■ Information shown:
════

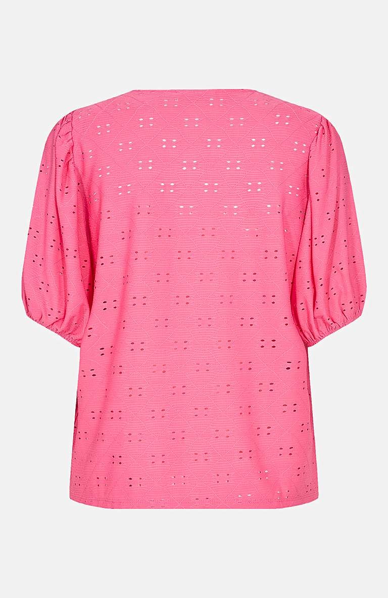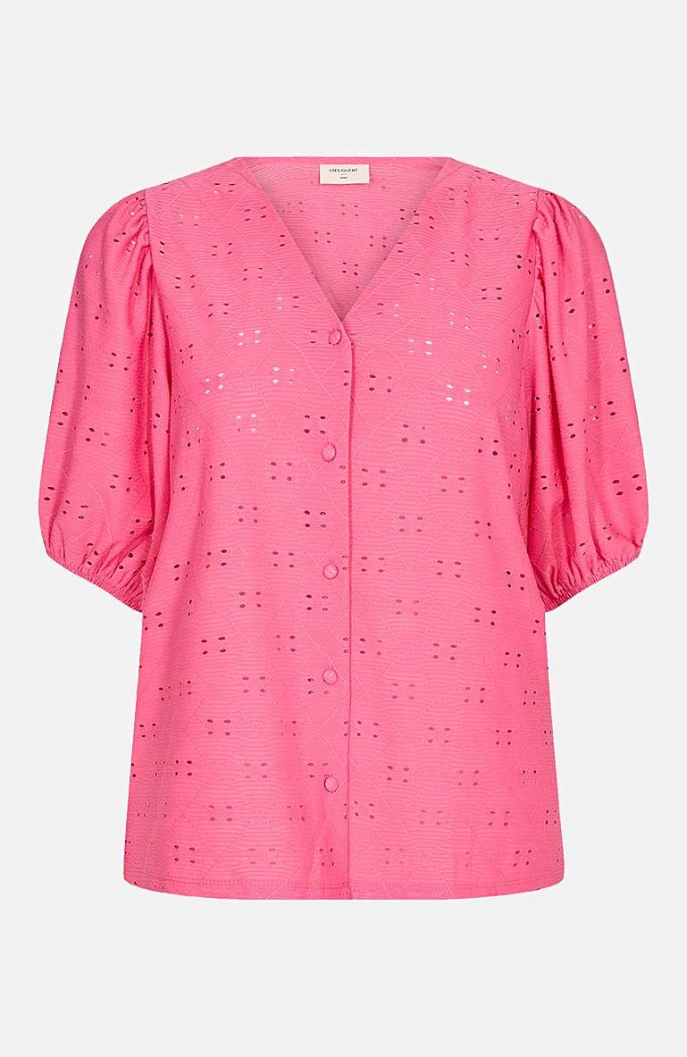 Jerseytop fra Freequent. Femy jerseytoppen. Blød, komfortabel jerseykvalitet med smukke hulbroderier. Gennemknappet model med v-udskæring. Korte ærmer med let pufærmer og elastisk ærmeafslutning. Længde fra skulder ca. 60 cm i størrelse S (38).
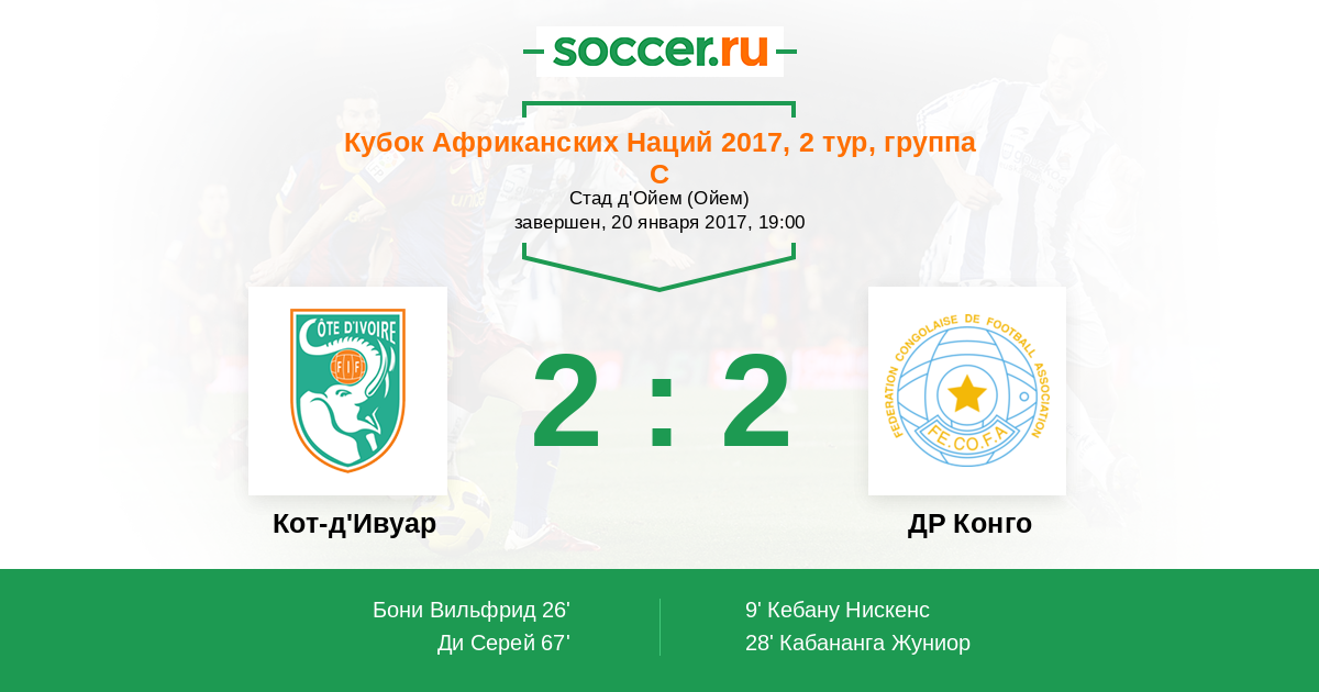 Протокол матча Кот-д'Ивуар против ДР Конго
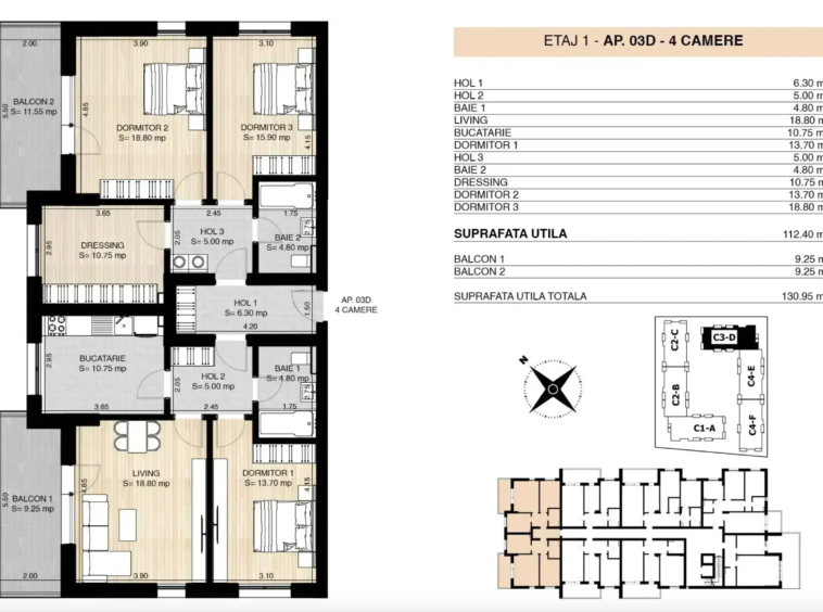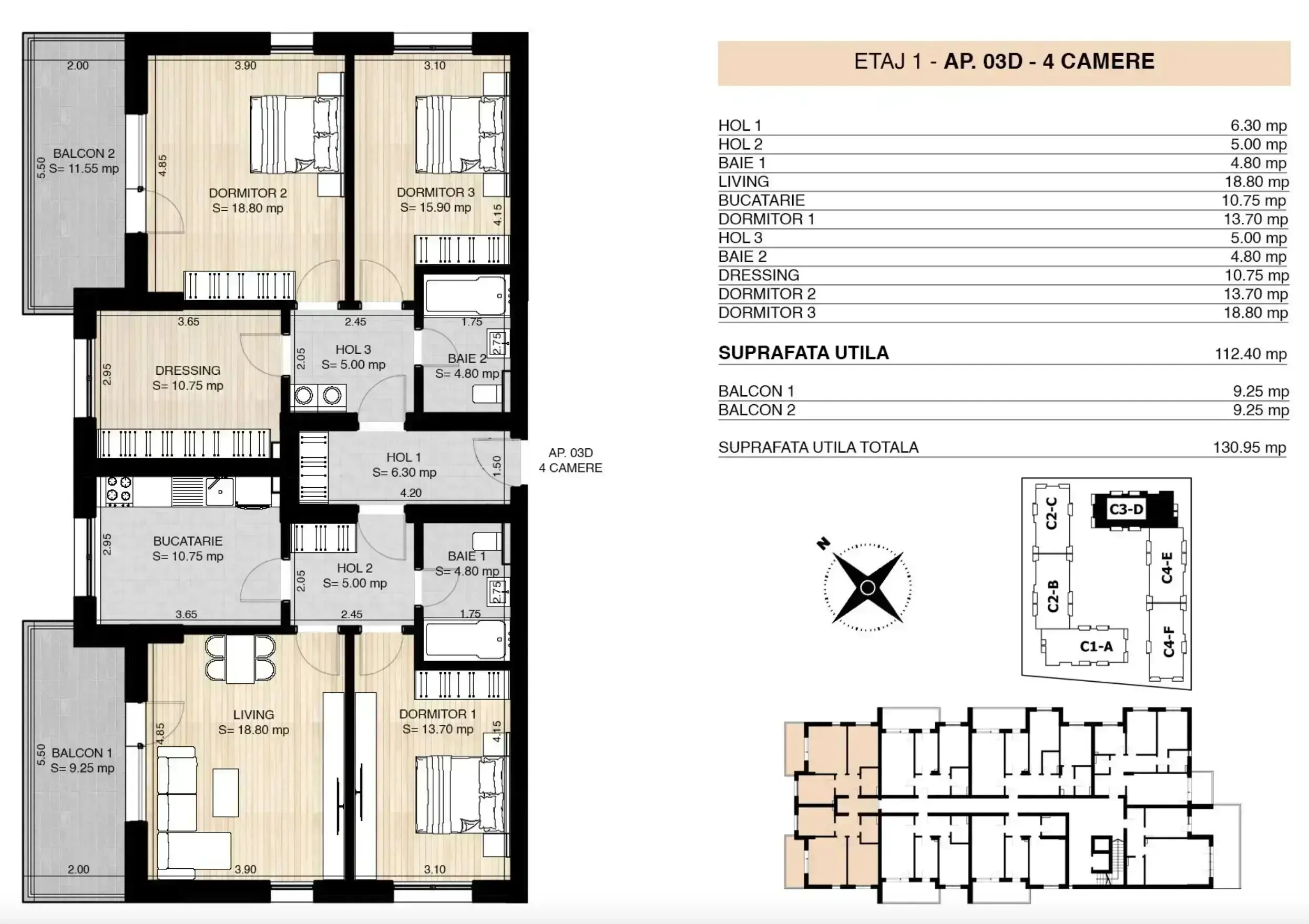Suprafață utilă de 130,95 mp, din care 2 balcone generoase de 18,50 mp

════

■ Exercise goal: What is needed is a verbatim copy of the material, minus its pictures.

■ Response:
 Jerseytop fra Freequent. Femy jerseytoppen. Blød, komfortabel jerseykvalitet med smukke hulbroderier. Gennemknappet model med v-udskæring. Korte ærmer med let pufærmer og elastisk ærmeafslutning. Længde fra skulder ca. 60 cm i størrelse S (38).
 Протокол матча Кот-д'Ивуар против ДР Конго
Suprafață utilă de 130,95 mp, din care 2 balcone generoase de 18,50 mp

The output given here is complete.